Hi there, I have a problem with my hierarchical clustering method and I appreciate if anyone could help me in advance. Let me start from the first step, in order to identify differentially expressed genes in some microarray studies (each study consist of 3 individual dataset, collectively I have 15 dataset) I use limma package from bioconductor, R. Then I filtered out those genes with adj. P-value less than 0.05. After that, I extracted a set of genes which involved in the cell cycle for example. Finally, this set of genes with there expression base on log fold change were used for hierarchical clustering. As I read before for log-transformed data Euclidean distance measurement method with complete linkage is the best for my data but the problem is when I clustered 15 dataset, surprisingly data from the same study stand close together in one cluster. What can I do for this mistaken view? Would it possible to use only one control for all treatment data from a different study in R? Or another approach would be taken?
Many thanks in advance
Can you show the design matrix, and especially if and how you checked and/or compensated for potential batch effects?
Here is the photo of heirarchical clustring
I think my mistake is I dont consider the batch effect.
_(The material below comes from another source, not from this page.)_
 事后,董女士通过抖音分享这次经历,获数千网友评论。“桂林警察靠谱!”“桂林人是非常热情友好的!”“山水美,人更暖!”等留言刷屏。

I normiliza each study separetly then I clustered them together. How can I compensate batch effect? In what way? Would it a good idea to normiliza all datasets together? But I dont know how could it possible. Any suggestion?
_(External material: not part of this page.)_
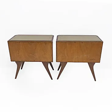 Coppia di comodini in noce e radice di Thuja, anni '50

Please edit this post and see the changes I've made to see how to add images properly.
Images should be added using the image button, not the link button. You'll need the direct link to the image, not the link to the page hosting the image.
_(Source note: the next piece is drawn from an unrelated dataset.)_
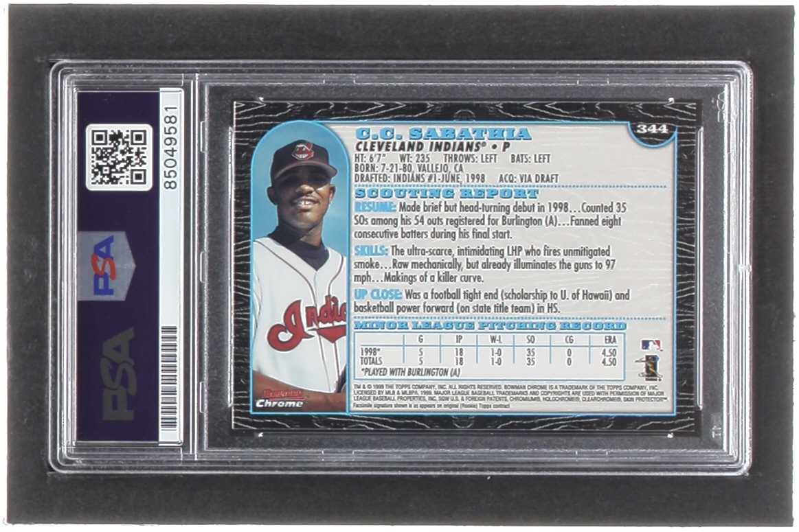 C.C. Sabathia Signed 1999 Bowman Chrome #344 RC (PSA)

If you normalize separately then this result is totally normal and expected as the datasets of the single studies are only scaled within the study but not to each other. If you do z-scoring then you at least have to normalize them all together, not discussing if comparing values from different studies makes sense due to the batch effect.
I know, but I want to normalize them to compensate batch effect and to find which data is close to CM without considering what dataset is belong to which study. Any way?!